By definition of integers, the integer numbers \(x,y,z\) are some equivalence classes of ordered pairs of natural numbers represented by some natural numbers \(a,b,c,d,e,f\in\mathbb N\)

\[\begin{array}{rcl}x&:=&[a,b],\\y&:=&[c,d],\\z&:=&[e,f]\\\end{array}\]

\((1)\) Proof of "\(\Rightarrow\)"

Assume the equation \(x\cdot z=y\cdot z\) holds and that \(z\neq 0\). We have to show that \(x=y\). By definition of multiplying integers, we have \[\begin{array}{rcl} x\cdot z&=&[ae + bf,~ af + be],\\ y\cdot z&=&[ce + df,~ cf + de]. \end{array}\]

By assumption, \(x\cdot z=y\cdot z\), i.e. \[\begin{array}{rcl}ae+bf&=&ce+df\quad\quad(i)\\ af+be&=&cf+de\quad\quad(ii) \end{array}\]

Also by assumption, \(z\neq 0\), i.e. \(e\) and \(f\) cannot both be equal \(0\), thus \(z\) is either a positive integer, or a negative integer.

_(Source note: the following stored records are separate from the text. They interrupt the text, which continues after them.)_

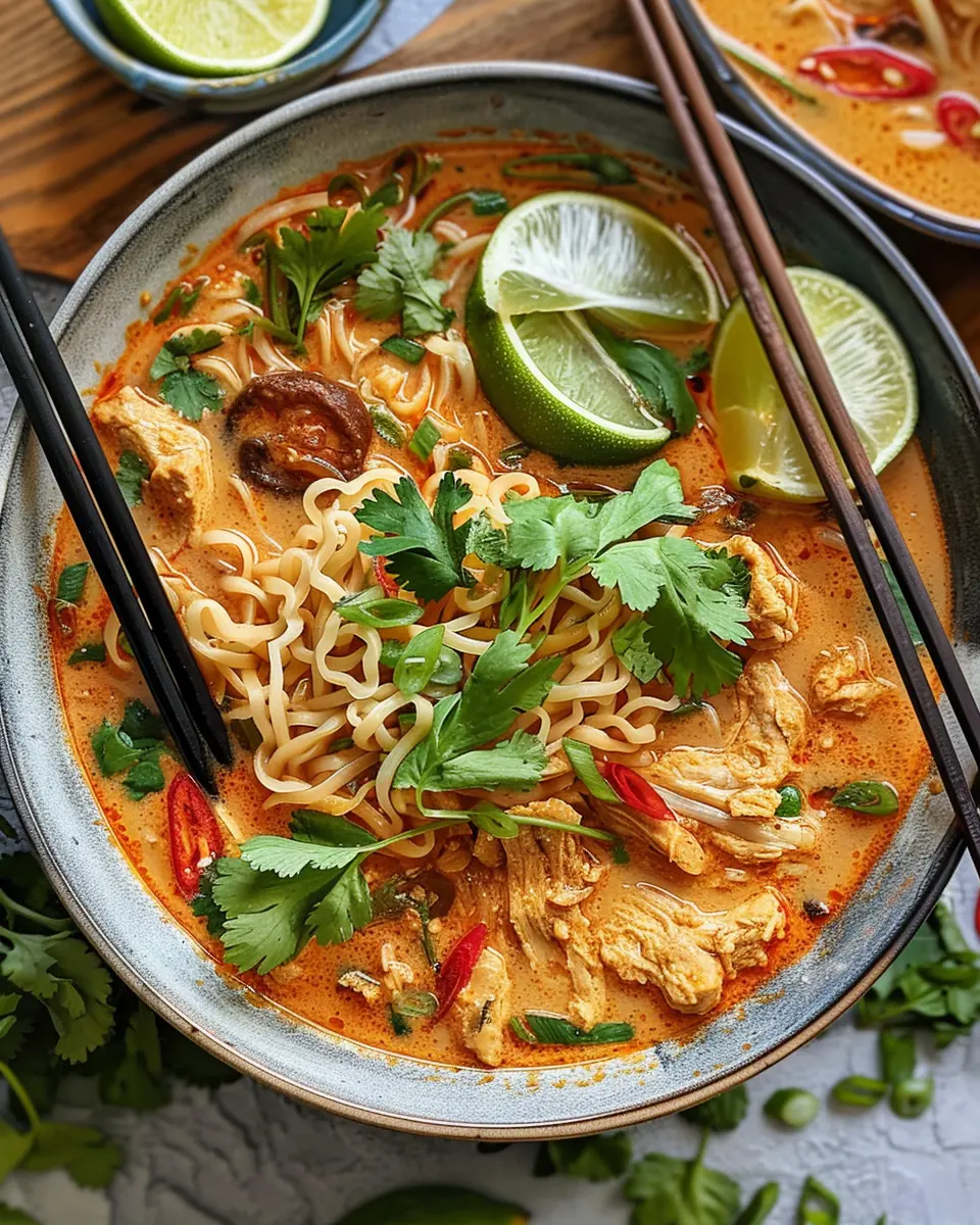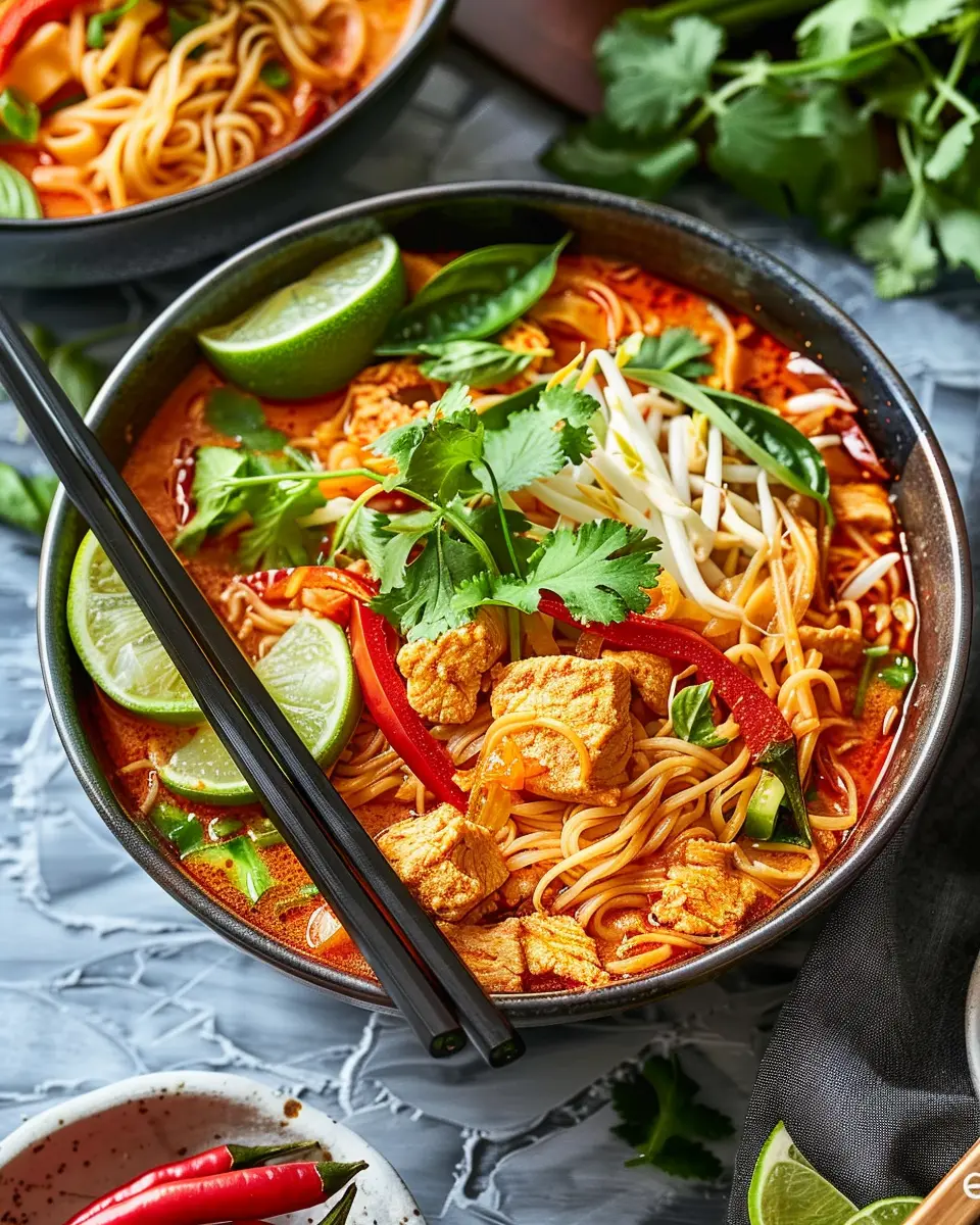 Your bowl of Thai Red Curry Noodle Soup is nearly ready to enjoy! Once the noodles are cooked to your liking, ladle the soup into bowls. Garnish each serving with fresh cilantro and a squeeze of lime juice. This brightens and balances the rich, creamy flavors—indeed, a must for that authentic taste!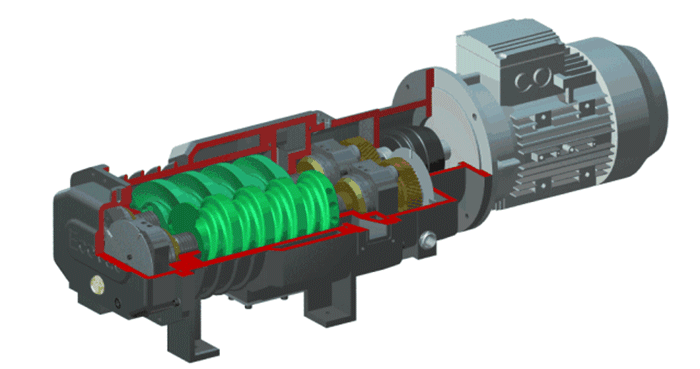 雙軸螺旋輸送機工作時,物料從進料口進入,兩根螺旋軸相反方向轉動時(一根左旋,一根右旋,可避免物料堵塞),物料在螺旋葉片的推力以及物料與葉片產生的摩擦力作用下,物料伴隨螺旋葉片的向前推動而沿著料槽向前移動,直至出料口排出;在輸送過程中,還同時可對物料進行攪拌和破碎。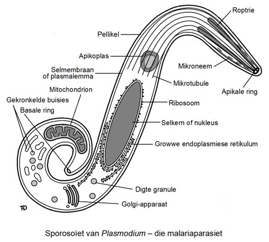 Plasmodium het, nes ander Apicomplexa, strukture soos roptrieë, mikroneme, mikrotubuli en gespesialiseerde proteïene wat hulle in staat stel om die gasheerselle te herken, aan dit vas te heg en dit binne te dring, en poolringe, ʼn enkele groot mitochondrion en mikrotubules onder die selmembraan.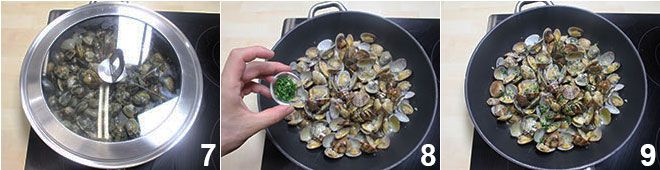 Cover with a lid and cook for another 2 minutes 7. When all the clams have opened well, add a sprinkle of chopped parsley 8, toss them a couple of times, and your fisherman's style clams 9 will be ready to serve!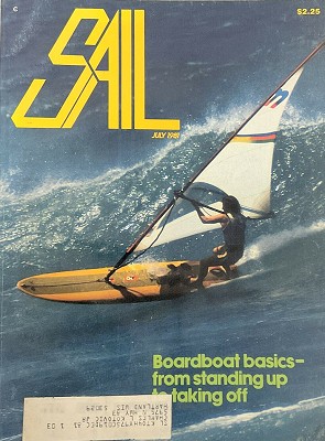 | Sail Magazine USA? July 1981 Boardboat basics - from standing up to taking off. Rare cover shot of a sailboard (boardboat) surfing a wave, probably in Hawaii. |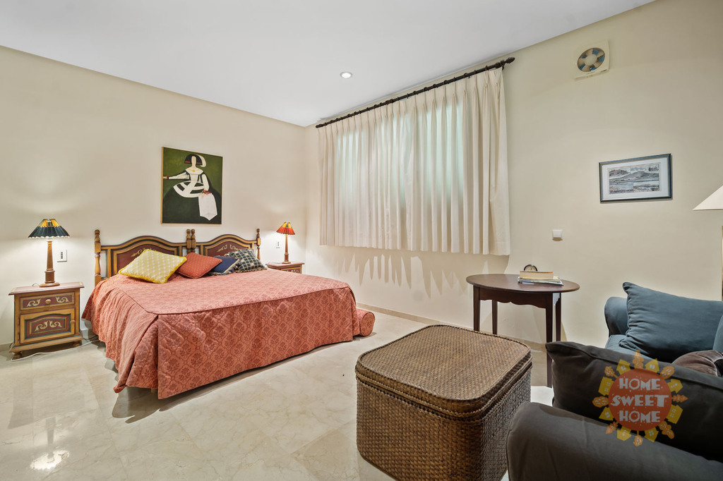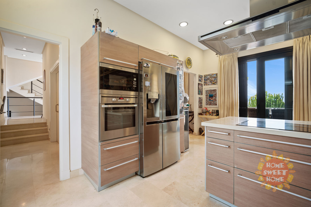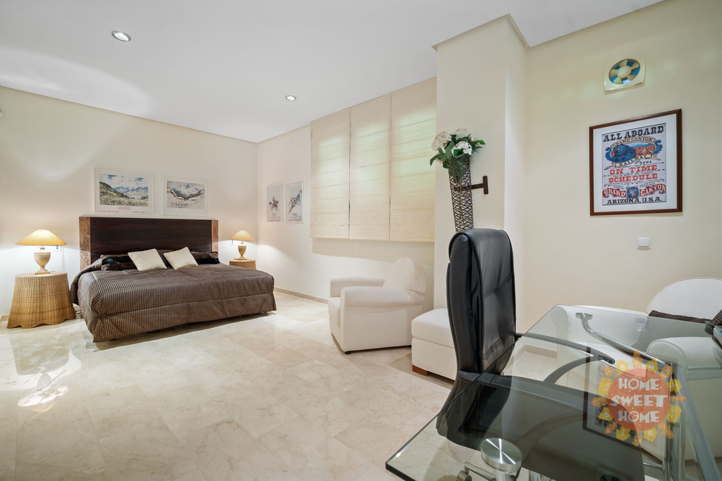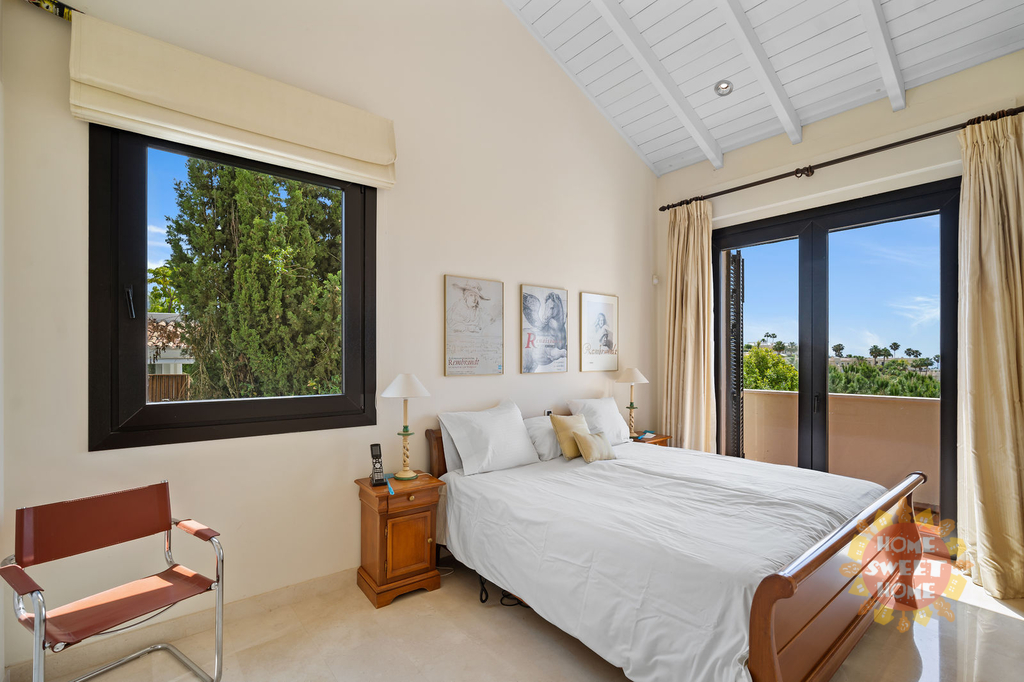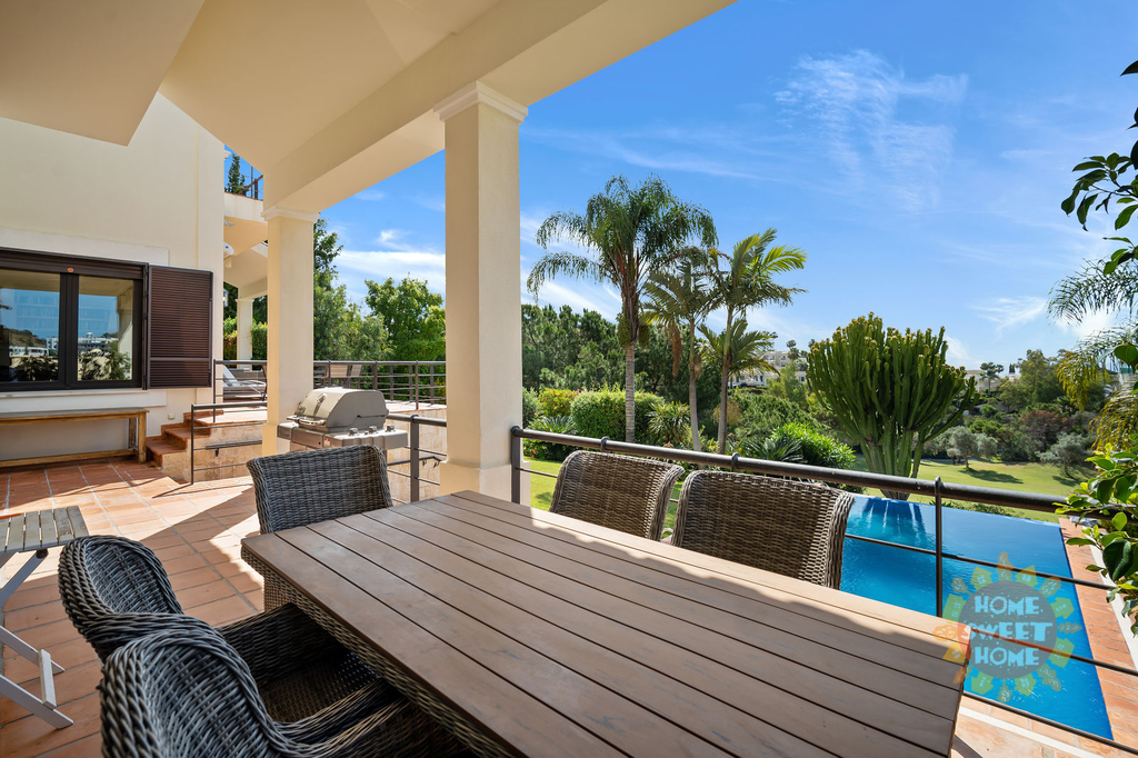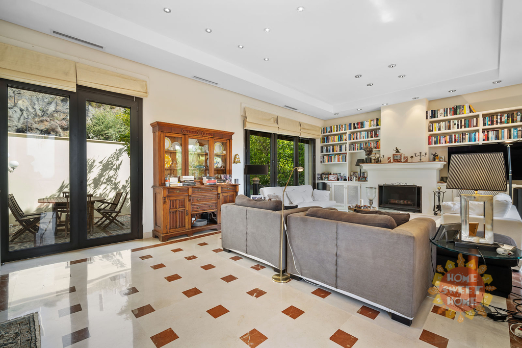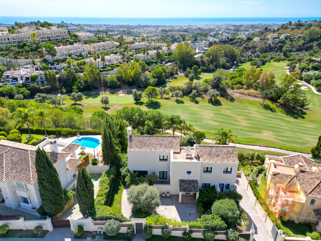 Fantastická vila s pěti ložnicemi a jižní orientací v lokalitě La Quinta, Benahavis. Vila se nachází v jen kousek od místní občanské vybavenosti a měst Puerto Banus a Marbella. Nemovitost má v přízemí prostornou vstupní halu vedoucí do velkého obývacího pokoje, plně vybavenou kuchyň a jídelnu, a toaletu pro hosty. Ze všech místností na této úrovni je přístup na terasu, do soukromé zahrady a k bazénu, od kus nabízí krásný výhled na moře a golfové hřiště. V prvním patře se nachází hlavní ložnice s klenutými stropy, šatnou a koupelnou, dvě ložnice pro hosty a koupelna pro hosty. Ve spodním patře nemovitosti se nachází kuchyň a jídelna s nezávislým přístupem ze zahrady, dva pokoje pro hosty a kinosál. K dalšímu vybavení vily patří klimatizace s funkcí topení a chlazení, alarm, elektrické žaluzie a garáž.

If \(z\) is a positive integer, then \([e,f]=[e',0]\) for some natural number \(e'\neq 0\), and we have

\[\begin{array}{rcrcl}(i)&\Longleftrightarrow&ae'&=&ce'\\ (ii)&\Longleftrightarrow&be'&=&de' \end{array}\] Because the multiplication of natural numbers is cancellative, it follows \(a=c\) and \(b=d\), thus the integer \(x\) is equal to the integer \(y\), if \(z\) is positive.

Otherwise \(z\) is a negative integer, thus \([e,f]=[0,f']\) for some natural number \(f'\neq 0\), and it follows

\[\begin{array}{rcrcl}(i)&\Longleftrightarrow&bf'&=&df'\\ (ii)&\Longleftrightarrow&af'&=&cf' \end{array}\] Again due to the fact that multiplying natural numbers is cancellative, it follows \(b=d\) and \(a=c\), thus the integer \(x\) is equal to the integer \(y\), if \(z\) is negative.

Altogether, it follows from \(x\cdot z=y\cdot z\) that \(x=y\) for all integers \(x,y\) and any integer \(z\neq 0\). Thus, the multiplication of integers is cancellative.

\((2)\) Proof of "\(\Leftarrow\)"

The reasoning is exactly the same with the cases \(z\) is a positive or \(z\) is a negative integer.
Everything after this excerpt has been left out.